Diagnostic manufacturers are turning their attention to antibodies for those who have been vaccinated for the SARS-CoV-2 virus, and the U.S. FDA’s Tim Stenzel had some advice about this on the Feb. 10 testing town hall. Stenzel advised that developers think of such tests in the same vein as a companion diagnostic (CDx) in that these antibody test will have to be separately validated for each vaccine that is included in the test’s labeled claims.

The question of vaccine efficacy has been complicated by the emergence of several variants of the virus, and Stenzel tackled the question of validating tests for these new variants in a previous edition of the town hall. The key question for tests for response to a vaccine is sensitivity rather than specificity, and vaccine specificity will be key to quantitative antibody tests for the vaccines now being widely administered across the U.S.

Stenzel, director of the FDA’s Office of In Vitro Diagnostics and Radiological Health (OIR), said a test developer will have to separately validate a test for the key antibodies generated by any vaccines that will be included in the product label. This is not dissimilar to validation of a CDx, in that a CDx is evaluated per a specific drug agent regardless of the target of the therapy.

Pre-test before vaccination recommended

Any validation study should include a test of the individual prior to vaccination, which will go toward demonstrating the test is not subject to a problematic level of false negatives. The validation study should depict the number of days that typically elapse before the vaccine generates a sufficient level of antibodies to confer immunity.
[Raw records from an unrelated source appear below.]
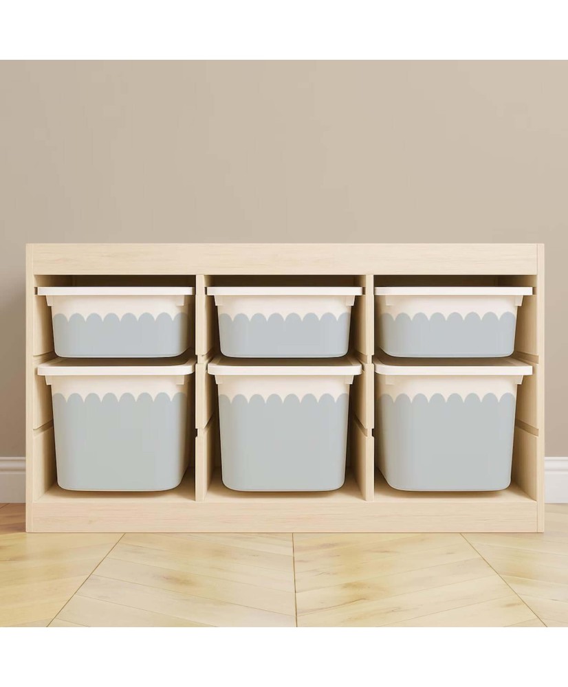Stilingi lipdukai IKEA TROFAST dėžėms su banguotu krašteliu. Pagaminti iš aukštos kokybės vinilo, lengvai klijuojami, patvarūs ir pritaikomi prie įvairių interjerų.
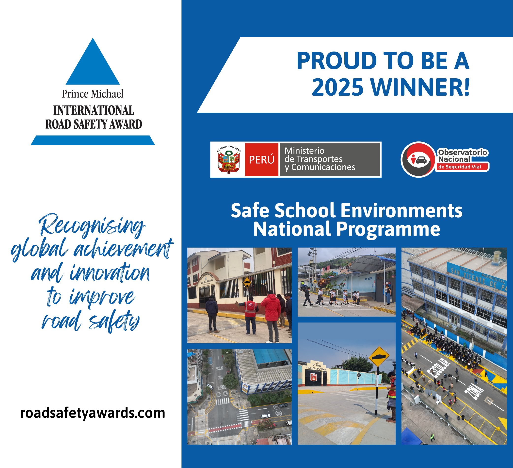 Iniciativa de la Dirección de Seguridad Vial reconocida en los Premios Internacionales de Seguridad Vial Prince Michael 2025. Una nueva distinción internacional coloca al Perú en la agenda mundial de seguridad vial. El Programa Nacional de Entornos Escolares Seguros (PNSE)...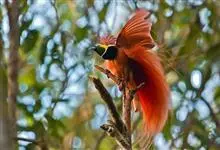 大极乐鸟是极乐鸟属中最大的鸟种。成年雄鸟体长可达到43厘米,雌性可达35厘米。雄鸟的额、颊、喉等墨绿色;头、颈黄色;上体暗赤栗色;腹部葡萄红色,胁部有长饰羽,其基部橙黄,中部黄色,…全部>>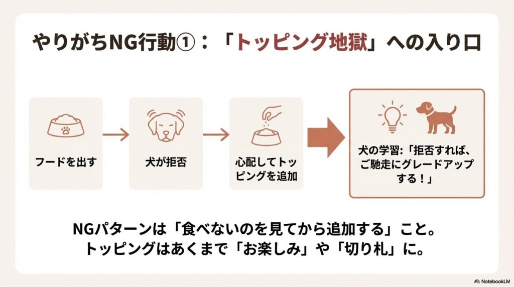 これは一時的には効果がありますが、長期的には「トッピング地獄」への入り口になることがあります。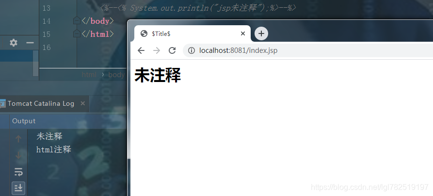 - jsp注释不仅能注释html标签内容,还能注释jsp标签内容。比如jsp注释就注释掉了<hi>标签,还注释掉了<%%>的java代码

Sponsors may want to lend as much specificity as to how they expect these parameters would play out before submitting any information for the emergency use authorization (EUA) filing, in order to economize both the developer’s and the FDA review team’s time and effort.

Toby Lowe, associate director of OIR, said unique device identifier (UDI) registration has not been typically required for tests granted access via the EUA program, although several EUAs have been authorized specifically with this requirement. Sponsors are at liberty to include a UDI index number for their tests, which is particular helpful for test kits shipped to clinical labs. Inclusion of UDI index numbers will help those labs fulfill an HHS lab reporting requirement related to UDIs as depicted in an HHS lab reporting guidance.

Stenzel said sponsors that are transferring ownership of a pending EUA submission should probably handle any related paperwork with the agency prior to the EUA filing. Post-authorization changes in ownership can be handled by notifying the lead reviewer for that filing.

One participant asked about the FDA’s agreement with NDA Partners LLC, of Rochelle, Va., to review lab-developed tests and whether the agency intends to resume review of individual EUAs for LDTs anytime soon. Stenzel had little more to say about this than to indicate the agency and the Department of Health and Human Services are discussing the predicament, although he did not directly reference the August 2020 HHS rescission order for LDT regulation.

Home-use serology template still in process

Home-use serology testing is the subject of a template that is in development at the agency, but Stenzel declined to predict when the FDA would publish the template. However, the agency will advise applicants about the agency’s current thinking about the validation requirements for such tests via the pre-EUA process.

Stenzel said the agency’s current thinking on validating an existing test for the novel variants of the SARS-CoV-2 virus may be best handled with the help of whole-genome sequencing. The agency is accepting applications for any subset of variants the developer would ask the agency to review. However, he said the agency would prefer that sponsors consider the prospect that new variants will emerge.

Any de novo applications for tests that were marketed under an EUA that come after a similar submission will be converted to a 510(k) and the difference in user fees will be refunded. Stenzel said the sponsor in this scenario would not have to revise and resubmit their dossier. The FDA is also still prioritizing submissions for tests that can meaningfully increase overall volume of testing, along with those that increase accessibility.